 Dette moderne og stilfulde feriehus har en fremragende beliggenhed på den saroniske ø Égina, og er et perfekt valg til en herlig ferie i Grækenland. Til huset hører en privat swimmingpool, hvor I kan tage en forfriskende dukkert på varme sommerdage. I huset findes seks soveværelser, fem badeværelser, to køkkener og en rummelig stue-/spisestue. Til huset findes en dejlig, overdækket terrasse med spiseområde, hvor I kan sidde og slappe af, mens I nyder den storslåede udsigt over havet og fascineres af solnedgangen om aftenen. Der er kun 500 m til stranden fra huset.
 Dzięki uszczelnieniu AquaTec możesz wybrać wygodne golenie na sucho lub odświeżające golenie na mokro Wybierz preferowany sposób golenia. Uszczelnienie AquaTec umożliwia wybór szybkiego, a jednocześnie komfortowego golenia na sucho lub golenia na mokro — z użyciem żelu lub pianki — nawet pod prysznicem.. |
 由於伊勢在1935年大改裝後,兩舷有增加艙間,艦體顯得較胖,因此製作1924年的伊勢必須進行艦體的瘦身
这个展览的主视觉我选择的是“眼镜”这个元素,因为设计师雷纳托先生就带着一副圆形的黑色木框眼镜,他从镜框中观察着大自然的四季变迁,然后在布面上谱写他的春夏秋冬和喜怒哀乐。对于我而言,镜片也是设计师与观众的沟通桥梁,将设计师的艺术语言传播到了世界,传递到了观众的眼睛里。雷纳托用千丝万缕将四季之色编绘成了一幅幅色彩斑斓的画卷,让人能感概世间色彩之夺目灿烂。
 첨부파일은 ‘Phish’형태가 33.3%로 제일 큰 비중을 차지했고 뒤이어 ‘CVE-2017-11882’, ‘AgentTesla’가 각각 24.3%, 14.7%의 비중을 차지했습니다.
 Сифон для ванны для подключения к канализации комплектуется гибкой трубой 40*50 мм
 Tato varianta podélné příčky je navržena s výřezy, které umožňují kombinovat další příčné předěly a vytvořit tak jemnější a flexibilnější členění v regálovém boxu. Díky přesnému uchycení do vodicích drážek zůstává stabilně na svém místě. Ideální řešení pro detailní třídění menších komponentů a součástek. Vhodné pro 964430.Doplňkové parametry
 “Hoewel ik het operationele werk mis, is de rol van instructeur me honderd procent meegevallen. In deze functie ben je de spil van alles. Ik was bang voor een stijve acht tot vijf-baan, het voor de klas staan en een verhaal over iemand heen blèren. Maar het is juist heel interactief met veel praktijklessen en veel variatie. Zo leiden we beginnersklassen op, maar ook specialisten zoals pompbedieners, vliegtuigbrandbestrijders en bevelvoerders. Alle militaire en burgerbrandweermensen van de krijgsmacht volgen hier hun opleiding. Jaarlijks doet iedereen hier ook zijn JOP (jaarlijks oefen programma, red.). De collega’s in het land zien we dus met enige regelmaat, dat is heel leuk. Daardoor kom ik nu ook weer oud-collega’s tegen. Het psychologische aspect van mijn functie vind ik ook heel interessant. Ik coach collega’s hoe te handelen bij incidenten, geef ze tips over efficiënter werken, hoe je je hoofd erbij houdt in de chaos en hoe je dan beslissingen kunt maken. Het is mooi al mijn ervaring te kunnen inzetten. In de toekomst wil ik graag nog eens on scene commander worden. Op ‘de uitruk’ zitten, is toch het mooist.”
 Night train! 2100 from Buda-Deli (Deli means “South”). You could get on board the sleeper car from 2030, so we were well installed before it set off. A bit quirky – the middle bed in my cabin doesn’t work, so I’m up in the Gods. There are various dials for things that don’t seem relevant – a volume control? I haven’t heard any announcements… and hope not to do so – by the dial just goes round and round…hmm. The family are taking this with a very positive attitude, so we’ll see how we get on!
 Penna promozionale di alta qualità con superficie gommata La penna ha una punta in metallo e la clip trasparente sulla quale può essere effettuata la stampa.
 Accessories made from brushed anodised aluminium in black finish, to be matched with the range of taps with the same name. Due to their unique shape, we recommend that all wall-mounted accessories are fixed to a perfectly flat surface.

§ Task item
Could you print all of the entries again exactly as they stand?

§ Written reply
 Dette moderne og stilfulde feriehus har en fremragende beliggenhed på den saroniske ø Égina, og er et perfekt valg til en herlig ferie i Grækenland. Til huset hører en privat swimmingpool, hvor I kan tage en forfriskende dukkert på varme sommerdage. I huset findes seks soveværelser, fem badeværelser, to køkkener og en rummelig stue-/spisestue. Til huset findes en dejlig, overdækket terrasse med spiseområde, hvor I kan sidde og slappe af, mens I nyder den storslåede udsigt over havet og fascineres af solnedgangen om aftenen. Der er kun 500 m til stranden fra huset.
 Dzięki uszczelnieniu AquaTec możesz wybrać wygodne golenie na sucho lub odświeżające golenie na mokro Wybierz preferowany sposób golenia. Uszczelnienie AquaTec umożliwia wybór szybkiego, a jednocześnie komfortowego golenia na sucho lub golenia na mokro — z użyciem żelu lub pianki — nawet pod prysznicem.. |
 由於伊勢在1935年大改裝後,兩舷有增加艙間,艦體顯得較胖,因此製作1924年的伊勢必須進行艦體的瘦身
这个展览的主视觉我选择的是“眼镜”这个元素,因为设计师雷纳托先生就带着一副圆形的黑色木框眼镜,他从镜框中观察着大自然的四季变迁,然后在布面上谱写他的春夏秋冬和喜怒哀乐。对于我而言,镜片也是设计师与观众的沟通桥梁,将设计师的艺术语言传播到了世界,传递到了观众的眼睛里。雷纳托用千丝万缕将四季之色编绘成了一幅幅色彩斑斓的画卷,让人能感概世间色彩之夺目灿烂。
 첨부파일은 ‘Phish’형태가 33.3%로 제일 큰 비중을 차지했고 뒤이어 ‘CVE-2017-11882’, ‘AgentTesla’가 각각 24.3%, 14.7%의 비중을 차지했습니다.
 Сифон для ванны для подключения к канализации комплектуется гибкой трубой 40*50 мм
 Tato varianta podélné příčky je navržena s výřezy, které umožňují kombinovat další příčné předěly a vytvořit tak jemnější a flexibilnější členění v regálovém boxu. Díky přesnému uchycení do vodicích drážek zůstává stabilně na svém místě. Ideální řešení pro detailní třídění menších komponentů a součástek. Vhodné pro 964430.Doplňkové parametry
 “Hoewel ik het operationele werk mis, is de rol van instructeur me honderd procent meegevallen. In deze functie ben je de spil van alles. Ik was bang voor een stijve acht tot vijf-baan, het voor de klas staan en een verhaal over iemand heen blèren. Maar het is juist heel interactief met veel praktijklessen en veel variatie. Zo leiden we beginnersklassen op, maar ook specialisten zoals pompbedieners, vliegtuigbrandbestrijders en bevelvoerders. Alle militaire en burgerbrandweermensen van de krijgsmacht volgen hier hun opleiding. Jaarlijks doet iedereen hier ook zijn JOP (jaarlijks oefen programma, red.). De collega’s in het land zien we dus met enige regelmaat, dat is heel leuk. Daardoor kom ik nu ook weer oud-collega’s tegen. Het psychologische aspect van mijn functie vind ik ook heel interessant. Ik coach collega’s hoe te handelen bij incidenten, geef ze tips over efficiënter werken, hoe je je hoofd erbij houdt in de chaos en hoe je dan beslissingen kunt maken. Het is mooi al mijn ervaring te kunnen inzetten. In de toekomst wil ik graag nog eens on scene commander worden. Op ‘de uitruk’ zitten, is toch het mooist.”
 Night train! 2100 from Buda-Deli (Deli means “South”). You could get on board the sleeper car from 2030, so we were well installed before it set off. A bit quirky – the middle bed in my cabin doesn’t work, so I’m up in the Gods. There are various dials for things that don’t seem relevant – a volume control? I haven’t heard any announcements… and hope not to do so – by the dial just goes round and round…hmm. The family are taking this with a very positive attitude, so we’ll see how we get on!
 Penna promozionale di alta qualità con superficie gommata La penna ha una punta in metallo e la clip trasparente sulla quale può essere effettuata la stampa.
 Accessories made from brushed anodised aluminium in black finish, to be matched with the range of taps with the same name. Due to their unique shape, we recommend that all wall-mounted accessories are fixed to a perfectly flat surface.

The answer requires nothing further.